The banking industry, particularly community banks, have been plagued over the past three years with lawsuits alleging that an exterior fee notice was not present on their automatic teller machines. The suits seek to certify a class of customers purportedly injured by the lack of notice. In almost all such cases, the customer was provided an onscreen notice of ATM fees and could not have proceeded with the transaction without acknowledging the notice.
Lisa Mabary sued Hometown Bank on October 19, 2010 on behalf of herself and all others similarly situated, alleging that Hometown Bank violated the Electronic Fund Transfer Act and its implementing regulation, Regulation E, which required any automated teller machine (“ATM”) operator who imposes fees on consumers to provide notice that a fee is being imposed and the amount of the fee. In its original format the statute required the notice to be posted in two places: “on or at” the ATM and on the screen of the ATM or, alternatively, on a paper notice issued before the transaction is completed. Ms. Mabary alleged that she was charged a $2.00 fee in connection with using one of Hometown Bank’s ATMs, after receiving and accepting an actual on-screen notice, but not a secondary notice on the exterior of the ATM. Hometown Bank filed a Motion to Dismiss and Opposition to Class Certification, asserting that Ms. Mabary did not suffer actual damages and therefore lacked standing. In late 2012, Congress unanimously repealed the portion of the statute requiring the “on or at” exterior notice, after noting in the House Committee Report that the redundant second notice was “unnecessary” and fueled “frivolous lawsuits related to this fee notice requirement.” The President signed H.R. 4367 into law on December 20, 2012.

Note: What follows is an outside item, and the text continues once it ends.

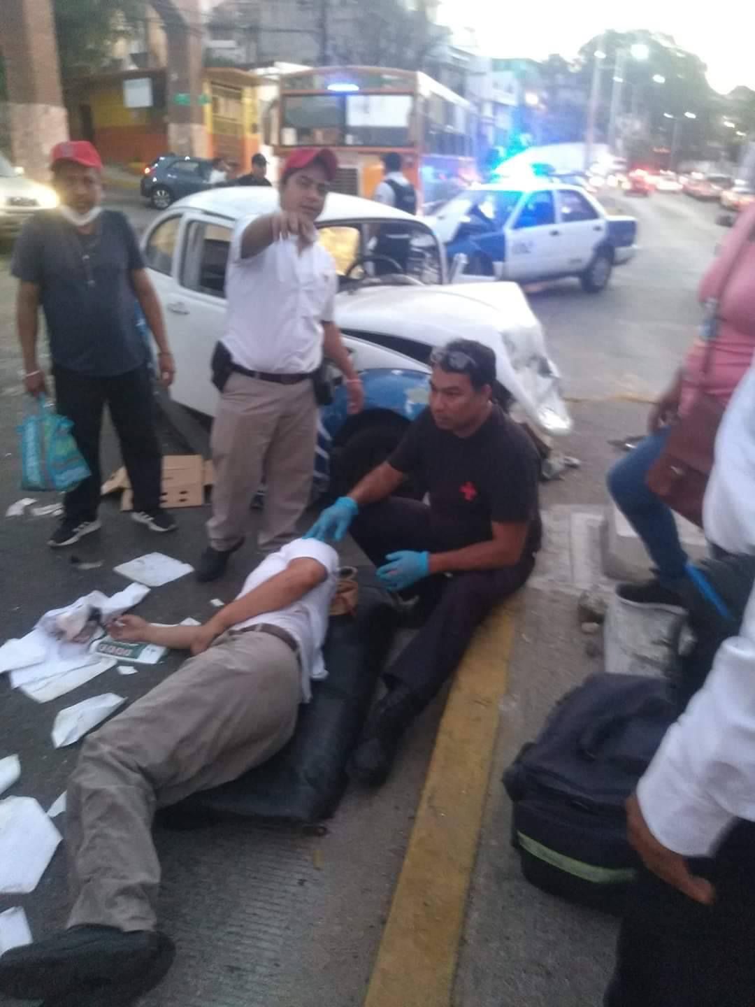 De acuerdo a los reportes, fueron dos taxis de color azul con blanco los que se vieron involucrados en dicho accidente vial dejando.
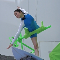 今回のCMで、菜々緒は3つのポージングに挑戦した。まずは、フィギュアスケートのスパイラル(片足を腰より高い位置に上げた状態で滑ること)を彷彿とさせるポージングから撮影開始です。監督の指示は「堂々と、体のどこにも力が入っていない感じで」というものだったが、姿勢をキープすることはおろか、その場で立つことすら難しいだけに、菜々緒も「このポーズを氷の上でやるなんて凄いですね」と呟きながら、お手本となるイメージ写真と自らの姿が映るモニター画面を真剣な表情で見比べていた。

On March 18, 2013, the District Court denied class certification and dismissed the suit. The Court explained that after the passage of H.R. 4367, a class could not be certified. The Court held that class members are not parties to the litigation until after the class has been certified, and after H.R. 4367, the basis of any class claim ceased before certification. The Court further examined the issue of whether Ms. Mabary’s individual claim survived the passage of H.R. 4367. Relying on the Supreme Court’s opinion in Landgraf v. USI Film Prods, the Court reviewed the framework by which courts are to determine the applicability of amended federal statutes to pre-existing claims. Because the newly enacted statute did not explicitly indicate that it applied to existing lawsuits, the Court analyzed “whether it would impair rights a party possessed when he acted, increase a party’s liability for past conduct, or impose new duties with respect to transactions already completed.” Ms. Mabary’s “only plausible argument” was that the repeal of the secondary ATM notice impaired her vested rights. The Court concluded that Ms. Mabary had no vested rights in this case, as there are no vested rights where a cause of action is based solely on a statutory right, instead of an independent contract or property right, and that statute is repealed. Because Ms. Mabary did not have a vested right, the Landgraf presumption against statutory retroactivity did not apply, and Ms. Mabary’s suit was properly dismissed.
The Mabary holding should bring an end to these types of lawsuits, which provide no benefit to consumers, increase the costs of financial services, and clog the judicial system with lawsuits described as “frivolous” by Congress.